Action item: Which lines run from the line with "Lenovo Analog In-Ear" through the line with "Figure 6. This" in the entries below? Print them exactly, both ends included, and nothing more.

Record excerpts:
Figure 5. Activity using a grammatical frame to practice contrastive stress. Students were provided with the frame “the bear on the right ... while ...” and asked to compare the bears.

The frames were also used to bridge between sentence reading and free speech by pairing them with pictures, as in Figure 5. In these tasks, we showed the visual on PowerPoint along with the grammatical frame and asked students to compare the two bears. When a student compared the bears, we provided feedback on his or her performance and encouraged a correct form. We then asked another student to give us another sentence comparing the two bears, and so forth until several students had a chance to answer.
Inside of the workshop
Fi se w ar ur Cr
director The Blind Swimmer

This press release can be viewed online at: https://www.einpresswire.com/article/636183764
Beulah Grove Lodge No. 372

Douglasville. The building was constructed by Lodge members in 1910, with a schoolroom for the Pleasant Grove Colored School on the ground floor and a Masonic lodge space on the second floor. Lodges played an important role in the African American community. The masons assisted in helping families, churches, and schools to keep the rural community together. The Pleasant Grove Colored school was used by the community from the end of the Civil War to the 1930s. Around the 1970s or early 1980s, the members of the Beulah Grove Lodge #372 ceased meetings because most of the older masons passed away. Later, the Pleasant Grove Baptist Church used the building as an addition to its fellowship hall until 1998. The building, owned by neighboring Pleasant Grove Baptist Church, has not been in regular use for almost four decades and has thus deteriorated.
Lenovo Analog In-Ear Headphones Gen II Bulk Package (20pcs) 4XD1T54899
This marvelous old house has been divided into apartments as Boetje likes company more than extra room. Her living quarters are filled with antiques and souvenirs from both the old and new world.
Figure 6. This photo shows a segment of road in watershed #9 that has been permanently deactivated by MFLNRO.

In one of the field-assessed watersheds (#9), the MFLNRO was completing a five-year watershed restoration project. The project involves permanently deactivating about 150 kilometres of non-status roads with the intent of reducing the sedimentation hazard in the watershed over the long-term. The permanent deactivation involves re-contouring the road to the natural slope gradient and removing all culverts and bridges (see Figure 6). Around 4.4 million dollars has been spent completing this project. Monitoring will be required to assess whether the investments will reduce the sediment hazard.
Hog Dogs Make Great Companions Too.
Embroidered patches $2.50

...

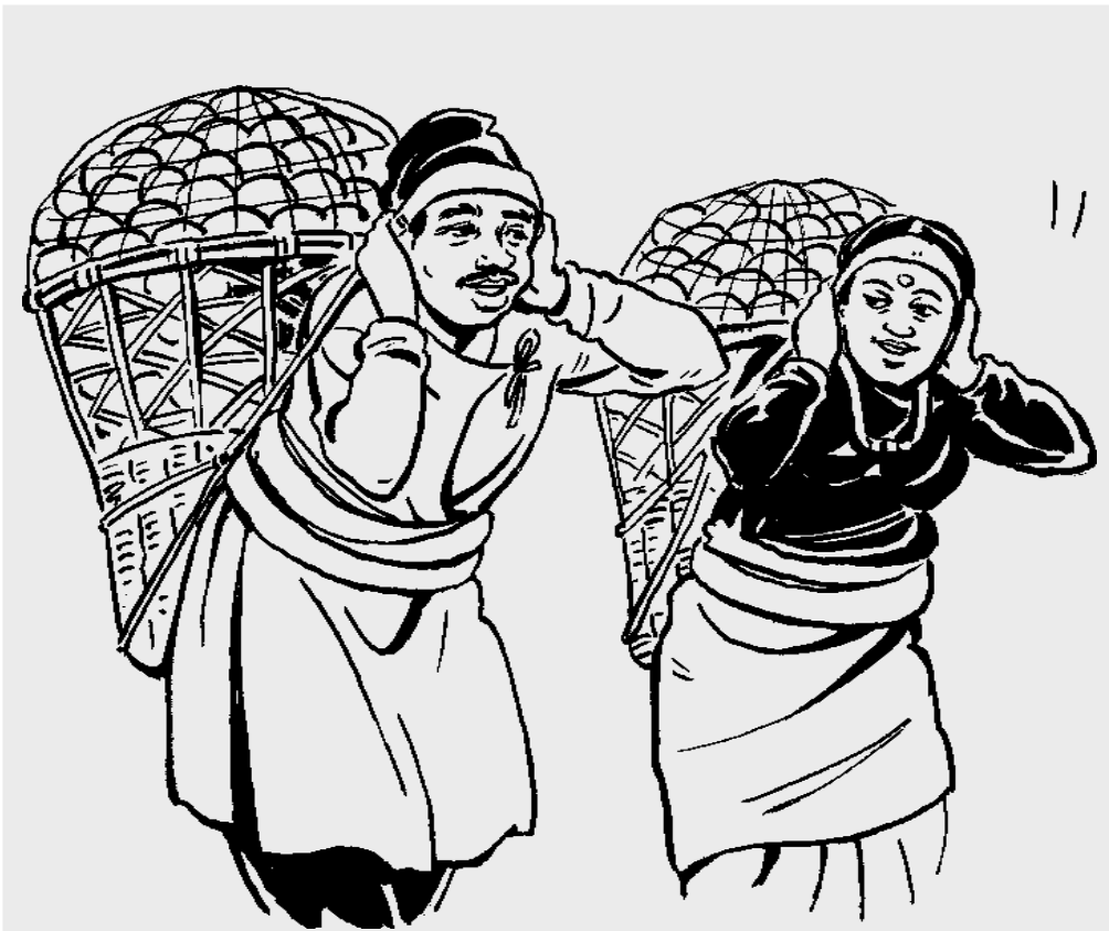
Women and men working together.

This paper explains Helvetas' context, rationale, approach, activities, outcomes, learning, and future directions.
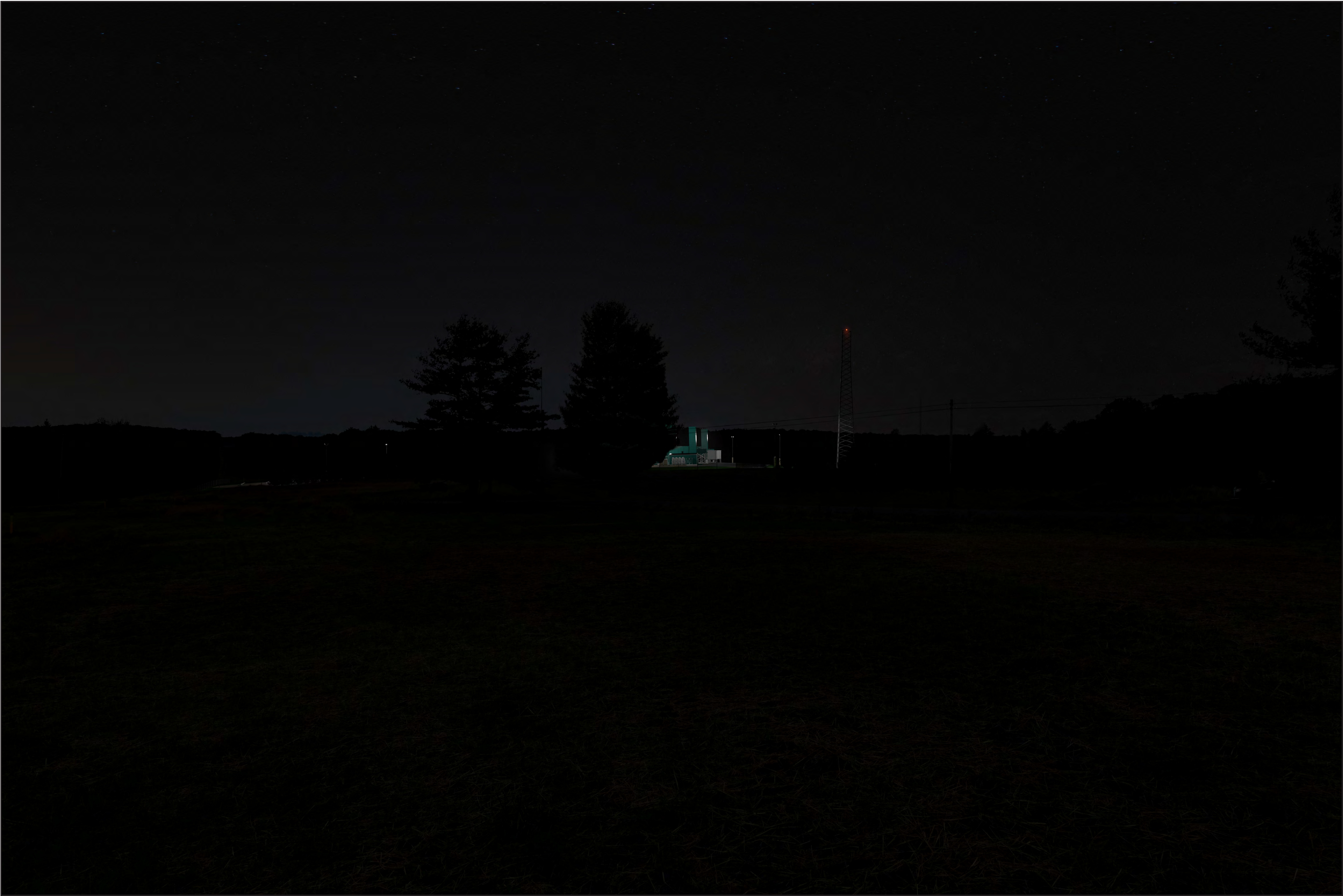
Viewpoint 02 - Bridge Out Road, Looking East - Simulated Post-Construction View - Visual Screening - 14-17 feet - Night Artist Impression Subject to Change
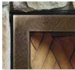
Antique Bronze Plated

* * *

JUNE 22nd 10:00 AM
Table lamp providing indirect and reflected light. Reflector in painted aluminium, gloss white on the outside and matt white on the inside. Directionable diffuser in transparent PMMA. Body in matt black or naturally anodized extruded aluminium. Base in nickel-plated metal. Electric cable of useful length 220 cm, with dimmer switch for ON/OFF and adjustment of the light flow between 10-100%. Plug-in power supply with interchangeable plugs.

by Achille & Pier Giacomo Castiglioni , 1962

Written answer:
Lenovo Analog In-Ear Headphones Gen II Bulk Package (20pcs) 4XD1T54899
This marvelous old house has been divided into apartments as Boetje likes company more than extra room. Her living quarters are filled with antiques and souvenirs from both the old and new world.
Figure 6. This photo shows a segment of road in watershed #9 that has been permanently deactivated by MFLNRO.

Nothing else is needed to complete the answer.